▶ **Input for this task**
────────────────────

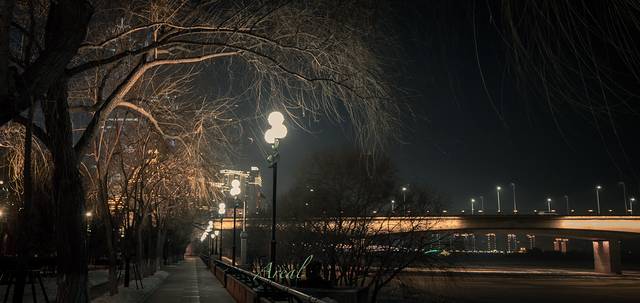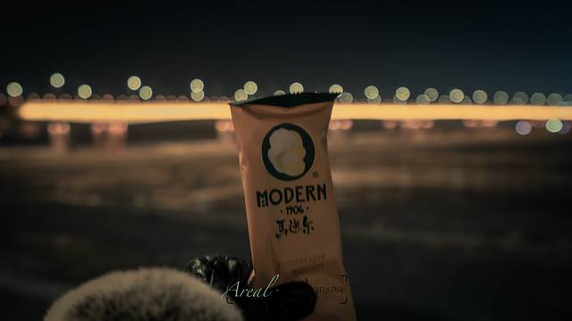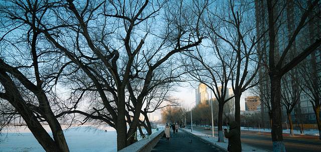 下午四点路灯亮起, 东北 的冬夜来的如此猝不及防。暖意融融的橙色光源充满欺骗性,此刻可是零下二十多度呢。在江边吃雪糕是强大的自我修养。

────────────────────

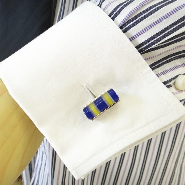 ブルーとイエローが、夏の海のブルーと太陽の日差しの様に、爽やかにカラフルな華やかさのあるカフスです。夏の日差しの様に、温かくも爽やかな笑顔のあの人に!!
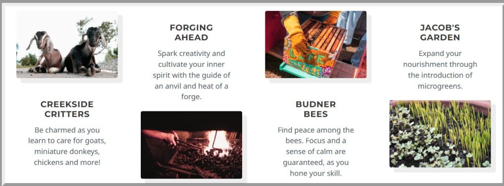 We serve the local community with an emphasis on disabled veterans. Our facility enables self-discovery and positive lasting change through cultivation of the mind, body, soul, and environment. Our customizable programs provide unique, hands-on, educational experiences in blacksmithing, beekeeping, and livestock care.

────────────────────

▶ **Exercise**
The reply should hold the entries above from the line with "ブルーとイエローが、夏の海の" to the line with "We serve the", duplicated exactly, pictures excluded.

▶ **Reply**
 ブルーとイエローが、夏の海のブルーと太陽の日差しの様に、爽やかにカラフルな華やかさのあるカフスです。夏の日差しの様に、温かくも爽やかな笑顔のあの人に!!
 We serve the local community with an emphasis on disabled veterans. Our facility enables self-discovery and positive lasting change through cultivation of the mind, body, soul, and environment. Our customizable programs provide unique, hands-on, educational experiences in blacksmithing, beekeeping, and livestock care.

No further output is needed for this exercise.